Perth Fintech Founder Cuts Investment Barriers for WA Workers
New affordable platform tackles cost-of-living crisis by making wealth-building accessible to everyday Australians across Western Australia.
2 min read
New affordable platform tackles cost-of-living crisis by making wealth-building accessible to everyday Australians across Western Australia.
2 min read

Walk into the modest shared offices above the café strip on Mill Street in South Perth, and you'll find the unlikely nerve centre of a financial revolution. Here, amid standing desks and whiteboard walls, a Perth-born fintech startup is tackling one of the city's most pressing economic challenges: how ordinary workers can invest meaningfully when rent, groceries and utilities are consuming ever-larger chunks of weekly pay.
Perth's cost of living has surged dramatically over the past three years. The median rent for a two-bedroom apartment in inner suburbs now hovers around $2,100 per month—a 34 per cent jump since 2023. Meanwhile, grocery bills have climbed steadily, and childcare costs remain prohibitively expensive for young families. Against this backdrop, traditional investment barriers—minimum account balances, hefty brokerage fees, complex jargon—have kept wealth-building firmly out of reach for most wage earners.
The startup's core offering strips away these obstacles. By leveraging micro-investment technology and algorithmic portfolio management, the platform allows Perth residents to begin investing with as little as $50 per week. Crucially, the fee structure—at 0.4 per cent annually—undercuts mainstream competitors by roughly half.

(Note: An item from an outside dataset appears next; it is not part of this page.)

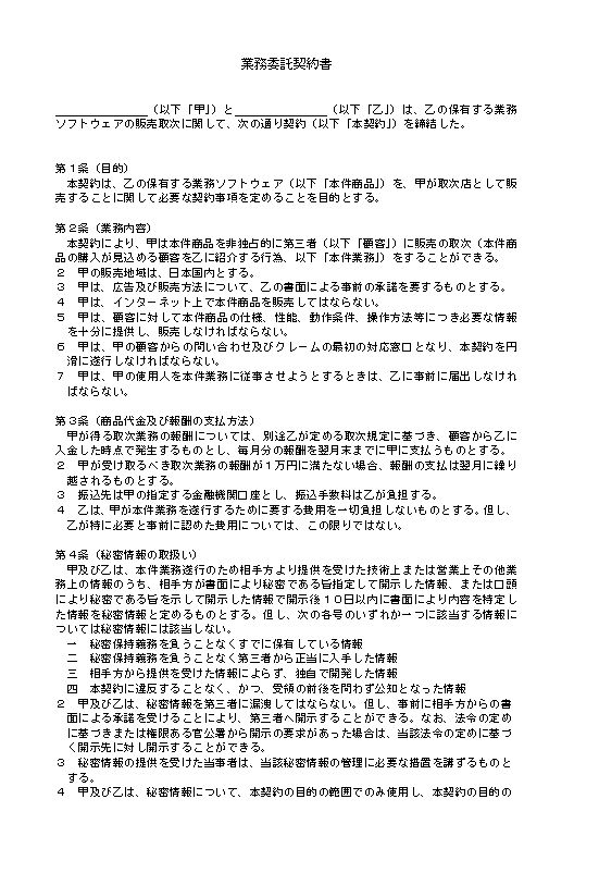 業務委託契約書 (以下「甲」)と (以下「乙」)は、乙の保有する業務ソフトウェアの販売取次に関して、次の通り契約(以下「本契約」)を締結した。 第1条(目的) 本契約は、乙の保有する業務ソフトウェア(以下「本件商品」)を、甲が取次店として販売することに関して必要な契約事項を定めることを目的とする。 第2条(業務内容) 本契約により、甲は本件商品を非独占的に第三者(以下「顧客」)に販売の取次(本件商品の購入が見込める顧客を乙に紹介する行為、以下「本件業務」)をすることができる。 2 甲の販売地域は、日本国内とする。 3 甲は、広告及び販売方法について、乙の書面による事前の承諾を要するものとする。 4 甲は、インターネット上で本件商品を販売してはならない。 5 甲は、顧客に対して本件商品の仕様、性能、動作条件、操作方法等につき必要な情報を十分に提供し、販売しなければならない。 6 甲は、甲の顧客からの問い合わせ及びクレームの最初の対応窓口となり、本契約を円滑に遂行しなければならない。 7 甲は、甲の使用人を本件業務に従事させようとするときは、乙に事前に届出しなければならない。 第3条(商品代金及び報酬の支払方法) 甲が得る取次業務の報酬については、別途乙が定める取次規定に基づき、顧客から乙に入金した時点で発生するものとし、毎月分の報酬を翌月末までに甲に支払うものとする。 2 甲が受け取るべき取次業務の報酬が1万円に満たない場合、報酬の支払は翌月に繰り越されるものとする。 3 振込先は甲の指定する金融機関口座とし、振込手数料は乙が負担する。 4 乙は、甲が本件業務を遂行するために要する費用を一切負担しないものとする。但し、乙が特に必要と事前に認めた費用については、この限りではない。 第4条(秘密情報の取扱い) 甲及び乙は、本件業務遂行のため相手方より提供を受けた技術上または営業上その他業務上の情報のうち、相手方が書面により秘密である旨指定して開示した情報、または口頭により秘密である旨を示して開示した情報で開示後10日以内に書面により内容を特定した情報を秘密情報と定めるものとする。但し、次の各号のいずれか一つに該当する情報については秘密情報には該当しない。 一 秘密保持義務を負うことなくすでに保有している情報 二 秘密保持義務を負うことなく第三者から正当に入手した情報 三 相手方から提供を受けた情報によらず、独自で開発した情報 四 本契約に違反することなく、かつ、受領の前後を問わず公知となった情報 2 甲及び乙は、秘密情報を第三者に漏洩してはならない。但し、事前に相手方からの書面による承諾を受けることにより、第三者へ開示することができる。なお、法令の定めに基づきまたは権限ある官公署から開示の要求があった場合は、当該法令の定めに基づく開示先に対し開示することができる。 3 秘密情報の提供を受けた当事者は、当該秘密情報の管理に必要な措置を講ずるものとする。 4 甲及び乙は、秘密情報について、本契約の目的の範囲でのみ使用し、本契約の目的の範囲を超える複製、改変が必要なときは、事前に相手方から書面による承諾を受けるものとする。 5 甲及び乙は、秘密情報を本契約の目的のために知る必要のある各自の役員及び従業員に限り開示するものとし、本契約に基づき甲及び乙が負担する秘密保持義務と同等の義務を、秘密情報の開示を受けた当該役員及び従業員に退職後も含め課すものとする。 6 本条の規定は、本契約終了後も存続する。 第5条(個人情報) 甲は、個人情報の保護に関する法律に定める個人情報のうち、本件業務遂行に際して乙より取扱いを委託された個人データまたは、本件業務遂行のため、甲乙間で個人データと同等の安全管理措置を講ずることについて、個別契約その他の契約により合意した個人情報を第三者に漏洩してはならない。 2 乙は、個人情報を甲に提示する際にはその旨明示するものとする。 3 乙は、乙の有する個人情報を甲に提供する場合には、業務遂行上必要な最小限度にとどめ、個人が特定できないよう加工した上で、甲に提供するよう努めるものとする。 4 甲は、個人情報の管理に必要な措置を講ずるものとする。 5 甲は、個人情報について、本契約の目的の範囲でのみ使用し、本契約の目的の範囲を超える複製、改変が必要なときは、事前に乙から書面による承諾を受けるものとする。 6 本契約の終了後、甲は遅滞なく個人情報を乙に返還または甲の指示に従った処分等の措置を講ずるものとする。 7 甲は、個人情報の取扱いを第三者に委託することができないものとする。 8 本条の規定は、本契約終了後も存続する。 第6条(契約解除) 甲及び乙は、相手方が本契約のいずれかの条項に違反し、相当期間を定めてなした催告後も、相手方の債務不履行が是正されない場合は、本契約の全部または一部を解除することができる。 第7条(期限の利益喪失) 甲及び乙は、相手方に次の各号のいずれか一つに該当す

Since launching across Western Australia in early 2025, the company has attracted over 8,000 active users, with the Perth metropolitan area accounting for roughly 60 per cent of that base. The average user age sits at 34, and the platform skews towards first-time investors earning between $50,000 and $90,000 annually—precisely the demographic most squeezed by rising living costs.

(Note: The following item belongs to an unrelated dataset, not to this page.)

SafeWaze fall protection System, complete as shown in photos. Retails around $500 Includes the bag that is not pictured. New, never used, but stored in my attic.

The founder's background tells a distinctly Perth story. Growing up in Fremantle, watching parents juggle modest incomes and mounting household expenses, the observation that wealth-building felt reserved for the wealthy crystallised into entrepreneurial purpose. After completing a finance degree at Curtin University and several years in corporate banking roles, the decision to launch independently arrived during Perth's post-mining-boom recalibration, when economic resilience became a civic conversation.
Local investors and the WA government's startup support office have taken notice. The company recently secured $2.3 million in Series A funding, positioning it for national expansion while maintaining its Perth headquarters.
Industry observers note the timing is significant. As Australian household savings rates decline and superannuation alone proves insufficient for retirement security, accessible investment platforms address a genuine gap. For Perth workers facing spiralling costs, the option to invest gradually—rather than waiting for mythical lump sums—represents a tangible shift in economic agency.
This article was compiled by AI and screened before publishing. See our editorial standards.